By "spring onion" I mean a green onion that has a partially-developed bulb. I don't mean scallions or shallots or salad onions or whatever else crazy other people call the things. Spring onions are young onions, generally picked in early spring, that have not been dried and converted to storage onions. Spring onions taste like strong scallions, with a slight sweetness and delicateness that suggests minimal cooking—they are wonderful briefly sauteed in butter with other spring vegetables. They have the texture of a moist storage onion. Unlike storage onions, spring onions won't last months in your cellar. Look for firm, crisp-looking specimens with healthy greens and no moist spots. Use within 1-2 days.

For this dish, you need to make the rhubarb vinaigrette into a sufficiently thick emulsion that it can stand up on the plate (we do not dress the spring vegetables in the vinaigrette, but artfully decorate the plate and allow the enjoyer to dab each fork full into the emulsion). You may need to modify my recipe in two ways. First, if possible, prepare the vinaigrette in a blender. You will make a perfect emulsion every time. Second, you may need more grape seed oil than indicated. Just continue adding oil, a little at a time, until the emulsion can coat the back of a spoon.

Spring Vegetables, Poached Quail Egg, Rhubarb Vinaigrette
Spring on a plate

Makes 4 servings.

4 poached quail eggs (recipe)
about 1 cup barely-packed pea shoots
about 1/2 cup rhubarb vinaigrette (recipe)
about 1 cup fresh green peas
about 1 and 1/4 cups asparagus tips
3 tablespoons unsalted butter
2 medium spring onions, sliced into quarters
sea salt, to taste
freshly-ground black pepper, to taste
fleur de sel, to garnish

Poach the quail eggs per that recipe. Plunge into an ice bath. Once cool, drain. Using kitchen shears, trim any unsightly tails off the poached egg. Set aside.
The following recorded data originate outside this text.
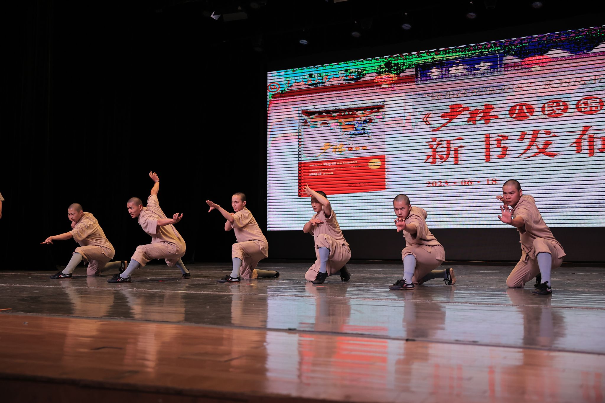 发布会现场,释延开监院详细介绍了编写该书的历程,分享了自己习练八段锦的心得。随后,少林寺武僧团现场演示了全套八段锦功法,并表演了精彩的少林功夫,引起现场八段锦爱好者和观众的热烈反响。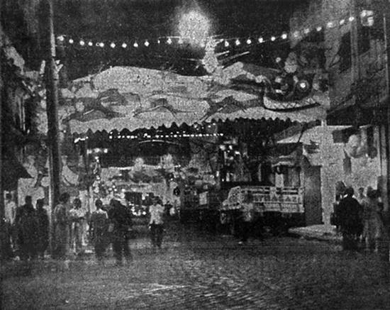 FEÉRICA A RUA JOÃO PESSOA - Comerciantes da Rua João Pessoa, no trecho compreendido entre as ruas Martim Afonso e Senador Feijó, realizaram um movimento a fim de embelezar e i luminar aquela via pública para os festejos natalinos. Essa conjugação de esforços, com o auxílio da Prefeitura, do SMTC e da Cia. City, redundou em vistosa ornamentação, dando novo colorido àquele trecho da cidade, aliás o mais feérico. Além da iluminação pública, os comerciantes melhoraram, também, sensivelmente, a iluminação de seus estabelecimentos, inclusive as vitrinas.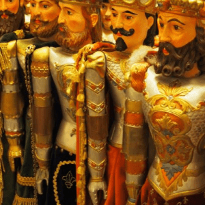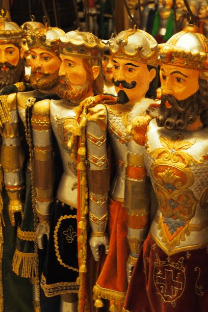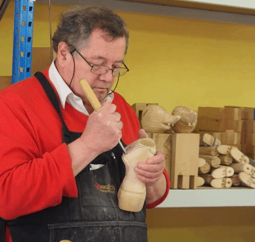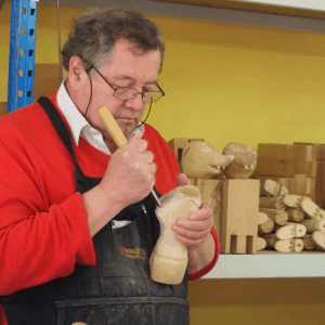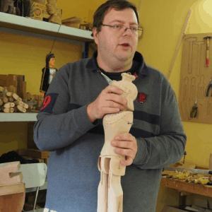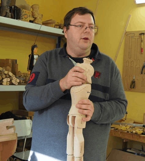 Der Lütticher Marionettenbauer Denis Fauconnier führte die Gruppe durch sein verwinkeltes Atelier. Er besitzt eine umfangreiche Marionettensammlung und zeigte sehr anschaulich, wie eine Holzmarionette entsteht. In stundenlanger Präzisionsarbeit werden aus einem Stück Lindenholz Kopf, Körper und Gliedmaße der Holzpuppen herausgearbeitet. Dann werden die Figuren bemalt und sie erhalten ein selbst geschneidertes Kostüm. Herr Fauconnier repariert hinzu alte bzw. beschädigte Puppen.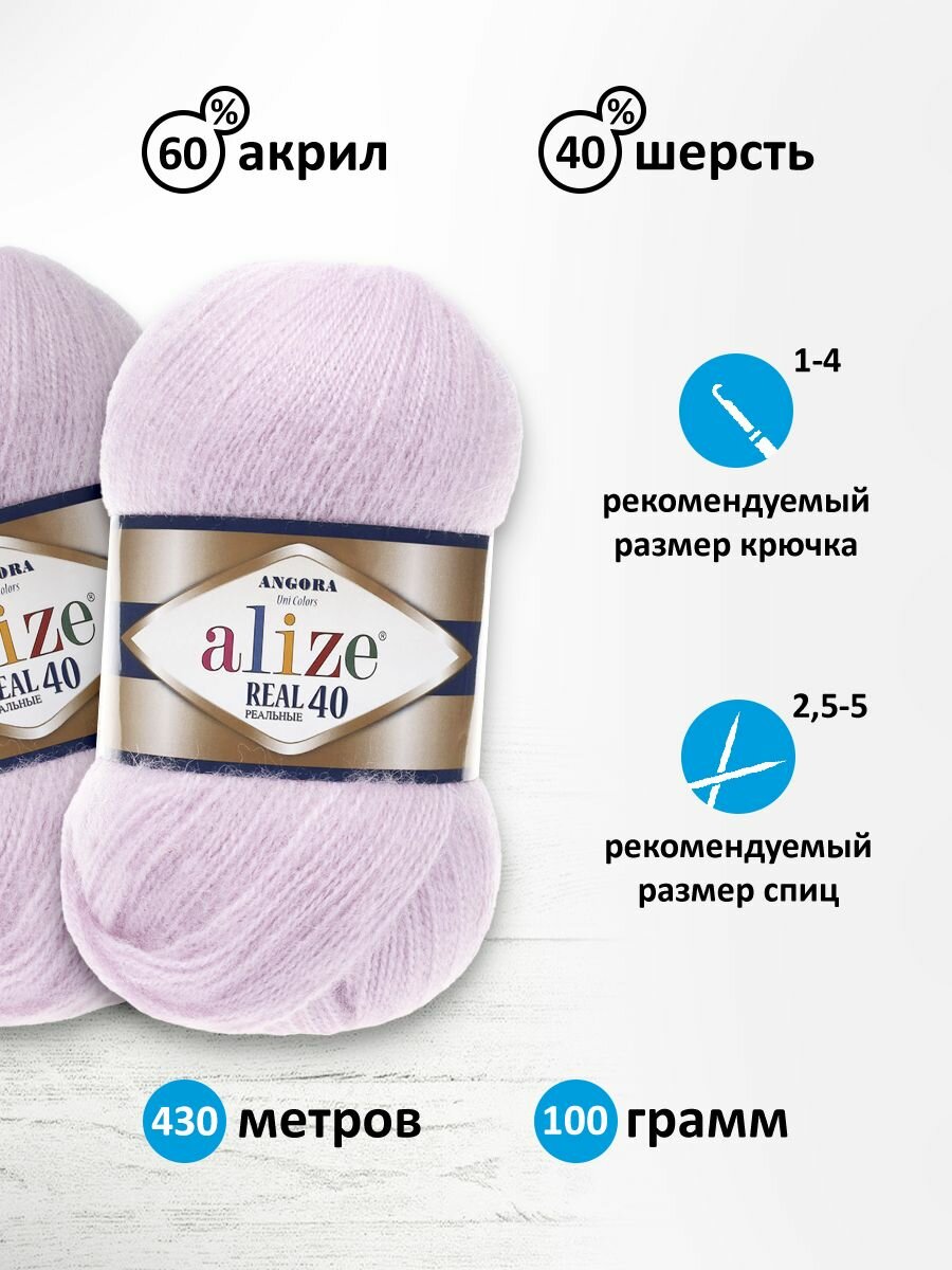 Пряжа Alize Angora Real 40 сирень (146), 60%акрил/40%шерсть, 430м, 100г, 5шт

In a small mixing bowl, combine the peashoots and enough rhubarb vinaigrette to barely coat. Toss. Set aside.

Bring a large stockpot of heavily-salted water to boil. Add the green peas and asparagus tips. Once the water returns to a boil, lower heat to a simmer. Blanch for 60 seconds. Drain. Pat dry.

Sauteing spring vegetables
Sauteing the spring onion, green peas, and asparagus tips

Meanwhile, heat a large saute pan over medium heat. Add the butter. Once melted and bubbling, add the spring onion and the drained green peas and asparagus. Saute, stirring occasionally, until warmed through and coated in butter, about 2 minutes. Season with sea salt and black pepper to taste.

Spring vegetables formed with a pastry ring
Plating the spring vegetables into a mound using a pastry ring

To plate, place a small dollop of rhubarb vinaigrette in the center of a large, white plate. Place a round pastry ring that is about 3" wide and at least 3" tall in the center of the plate. Spoon the sauteed spring vegetables into the ring until you have a mound about 2" tall. Place a small dollop of rhubarb vinaigrette on top. Place a small bunch of the dressed pea shoots on one side of the top of the spring vegetables. Place a quail egg in the center of the spring vegetables. Jiggle the pastry ring to make sure the vegetables are stable. Slowly remove the pastry ring. Some of the peas might roll out (remove them from the plate) but the vegetable "mound" should stay intact. Using a teaspoon, place two dollops of rhubarb vinaigrette on opposite ends of the plate. Using a small offset spatula, swirl the vinaigrette across the plate. Garnish the mound with fleur de sel.

Spring Vegetables, Poached Quail Egg, Rhubarb Vinaigrette
Plated, garnished, and ready to serve

Serve. Pairs well with a white wine of the Sauvignon blanc grape from the Sancerre AOC in the Loire Valley, France.